**Your instructions**
Your reply is to be the lines below, exactly as written, with images omitted.

**Data provided**
******
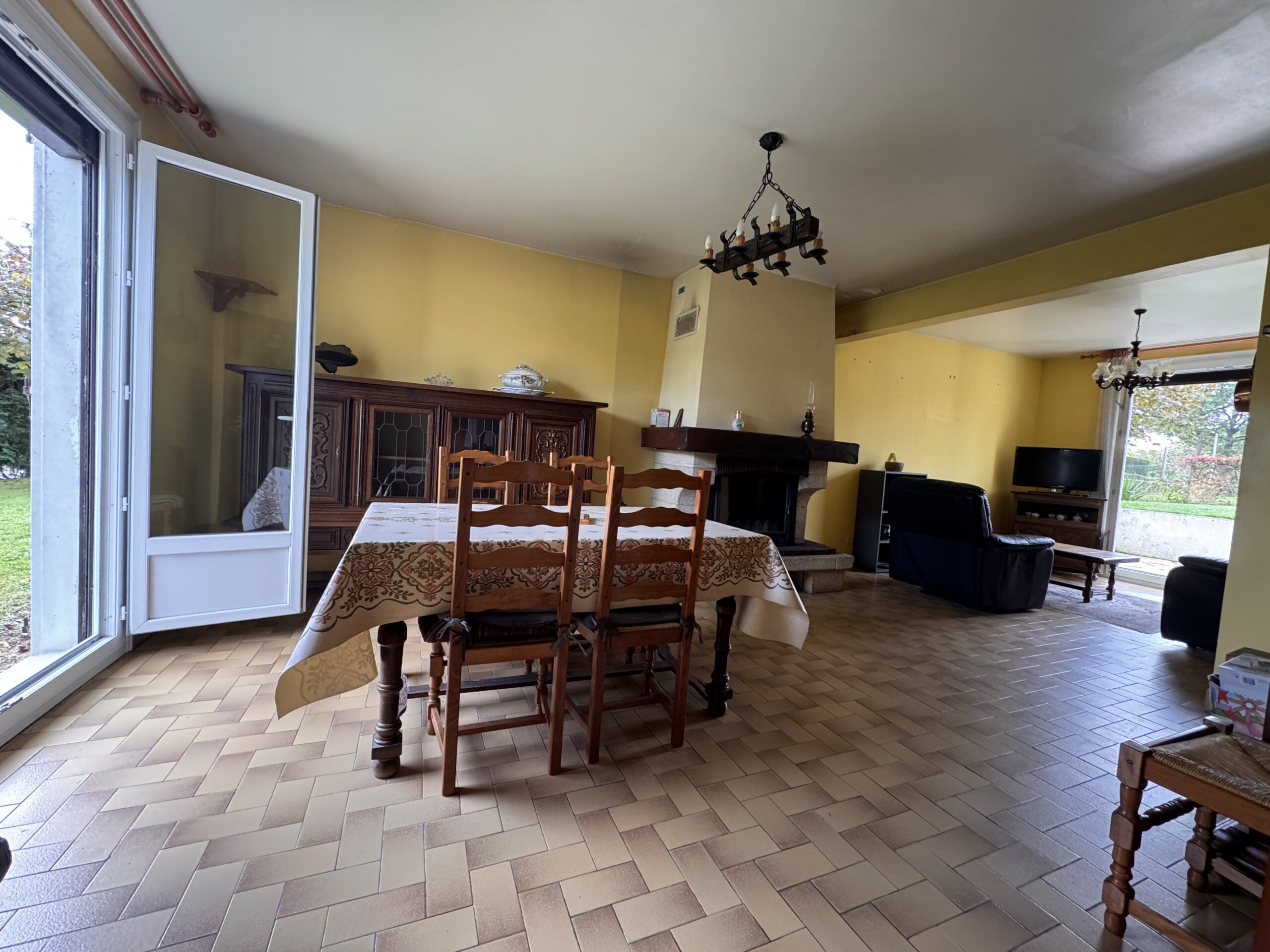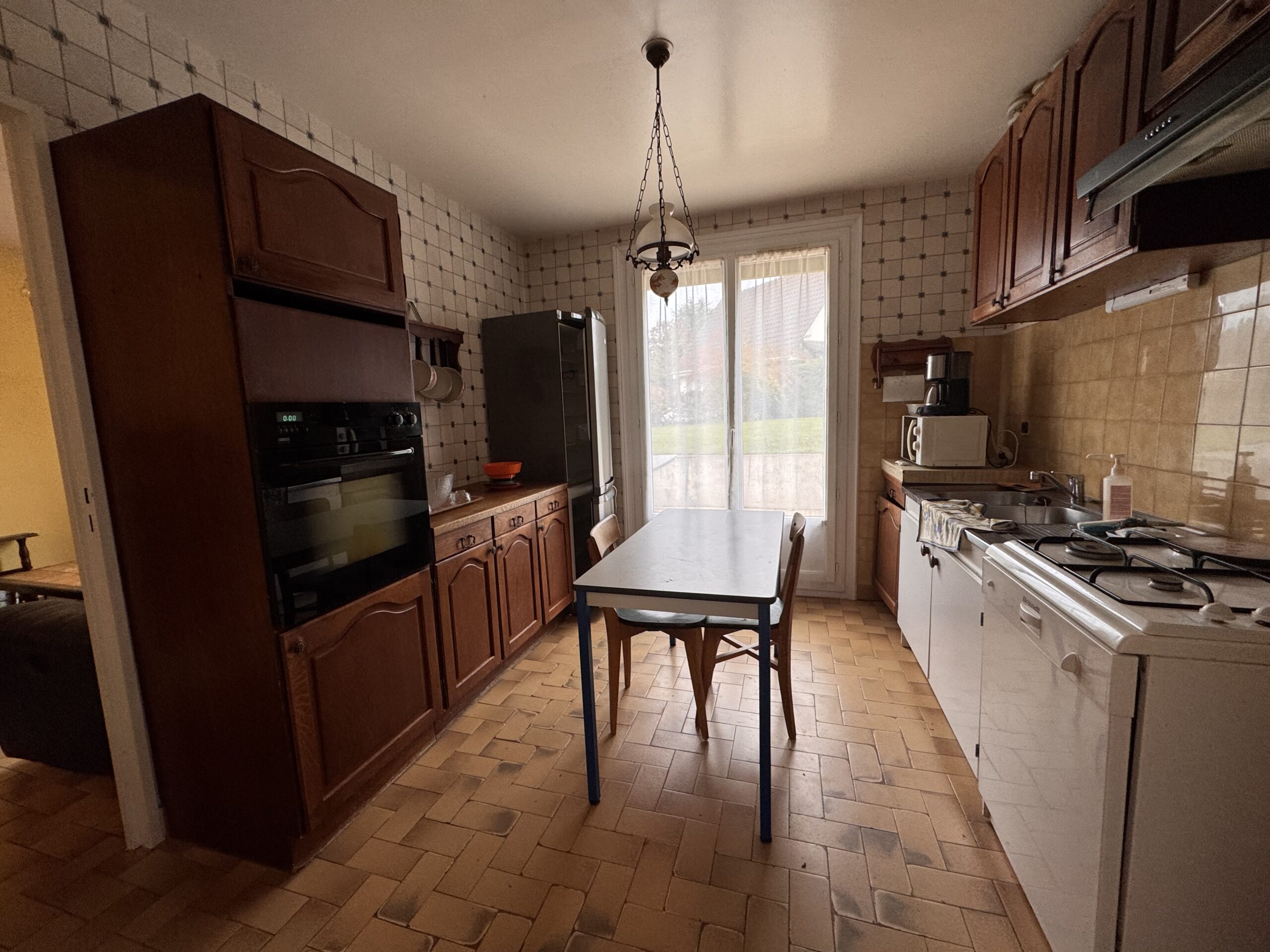 Entrée, cuisine meublée, séjour salon cheminée insert, dégagement wc,
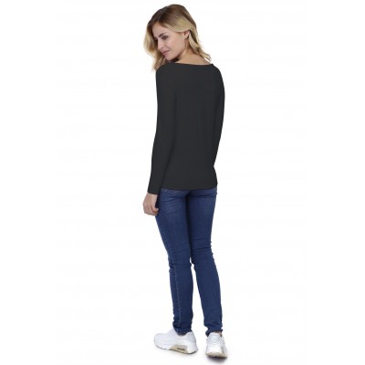 T-shirt coupe droite, col V doublé devant sous poitrine, manches longues
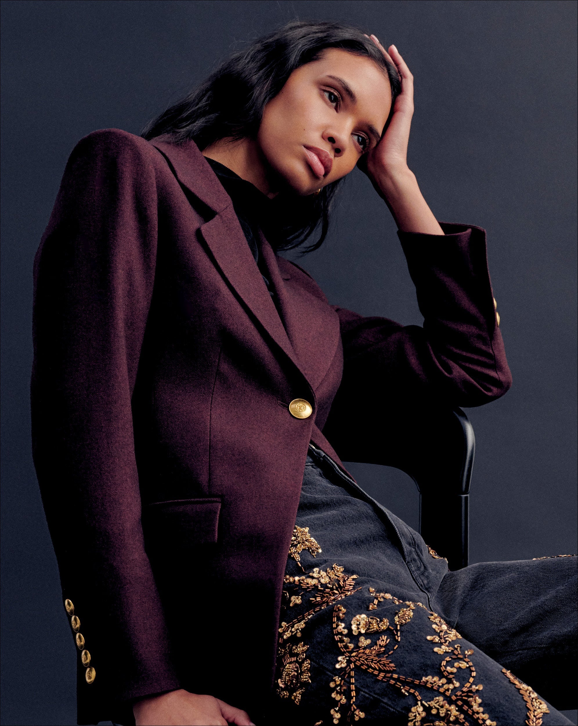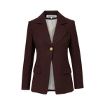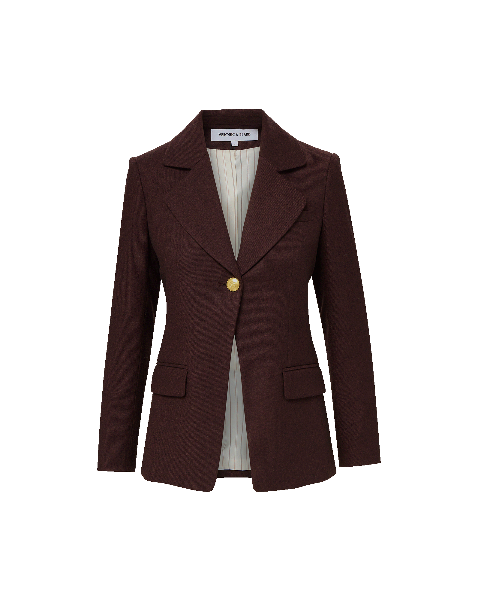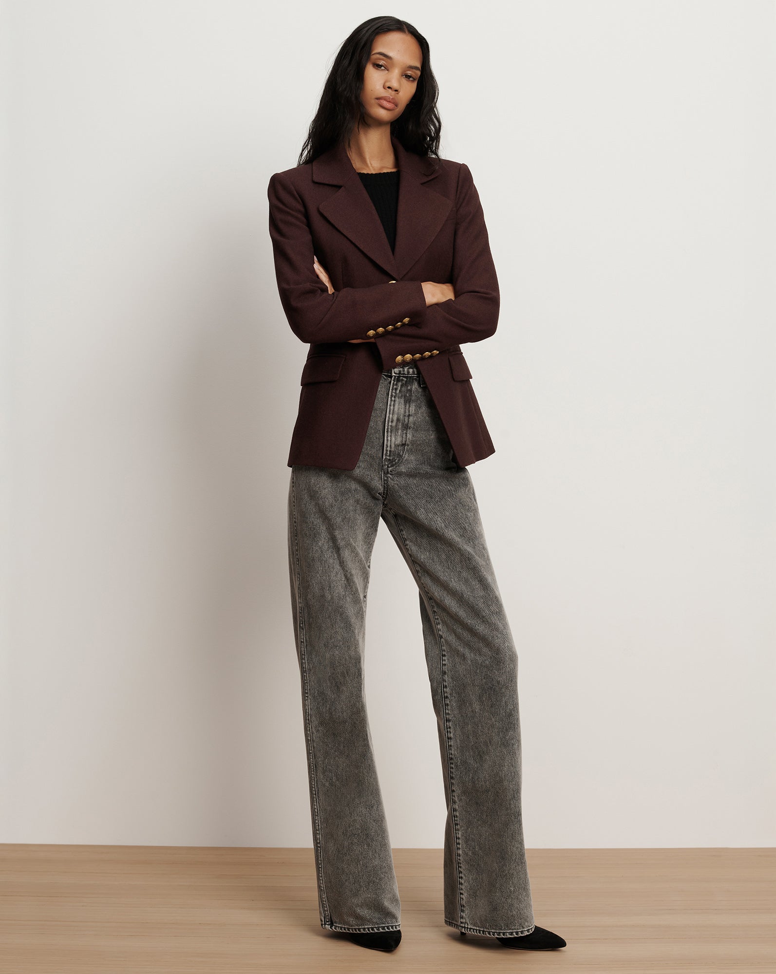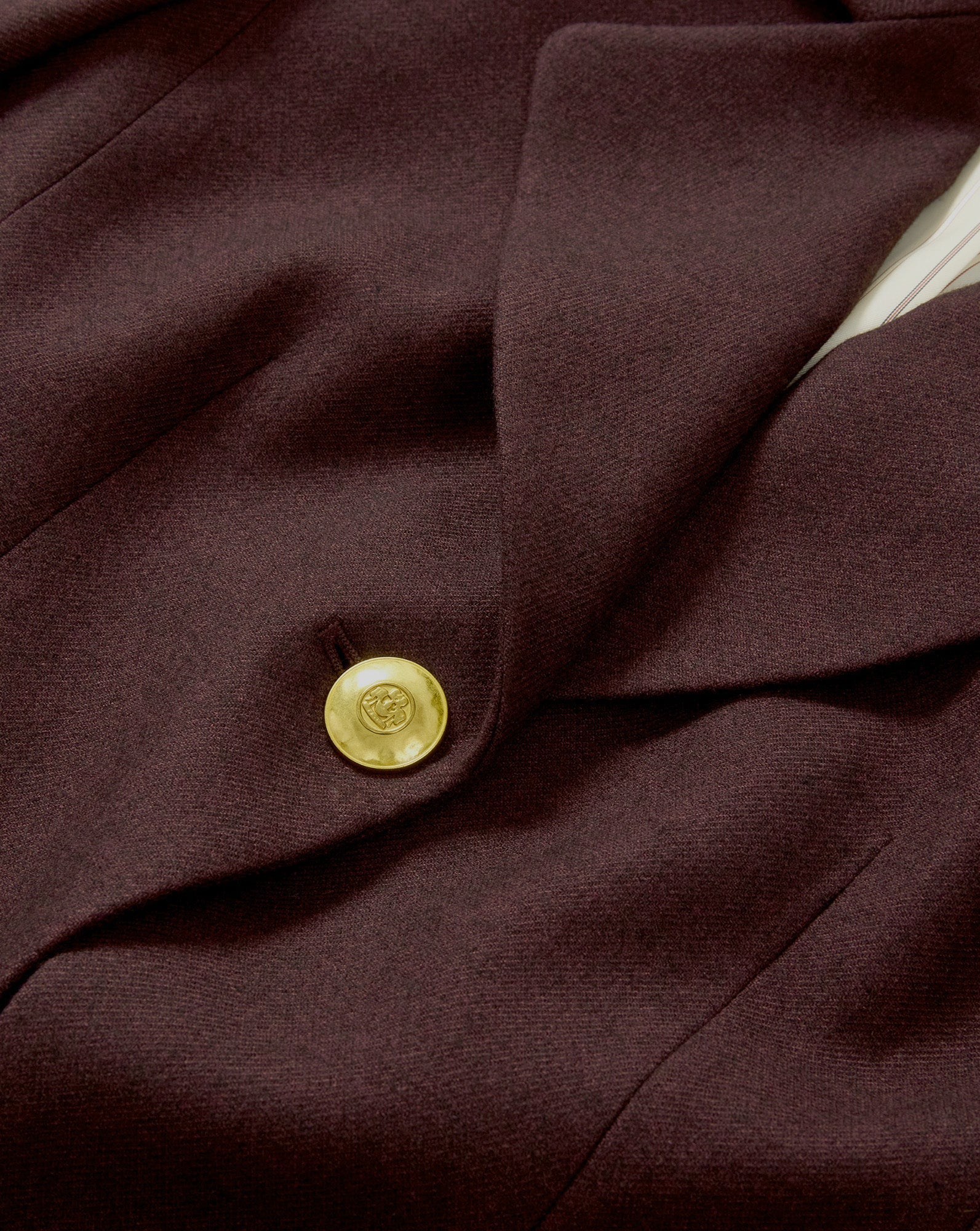 Crafted from a lightweight wool blend in burgundy, the Kessler jacket is expertly tailored for a slim, flattering fit. Side darting and thoughtfully placed flap pockets enhance the shape, while an exaggerated notch lapel adds a subtle vintage touch. Gold buttons at the single-breasted closure and cuffs complete the look. Pair with trousers for the office or jeans for more laid-back moments—then add your favorite dickey to switch up your look.
******
**Response area**
 Entrée, cuisine meublée, séjour salon cheminée insert, dégagement wc,
 T-shirt coupe droite, col V doublé devant sous poitrine, manches longues
 Crafted from a lightweight wool blend in burgundy, the Kessler jacket is expertly tailored for a slim, flattering fit. Side darting and thoughtfully placed flap pockets enhance the shape, while an exaggerated notch lapel adds a subtle vintage touch. Gold buttons at the single-breasted closure and cuffs complete the look. Pair with trousers for the office or jeans for more laid-back moments—then add your favorite dickey to switch up your look.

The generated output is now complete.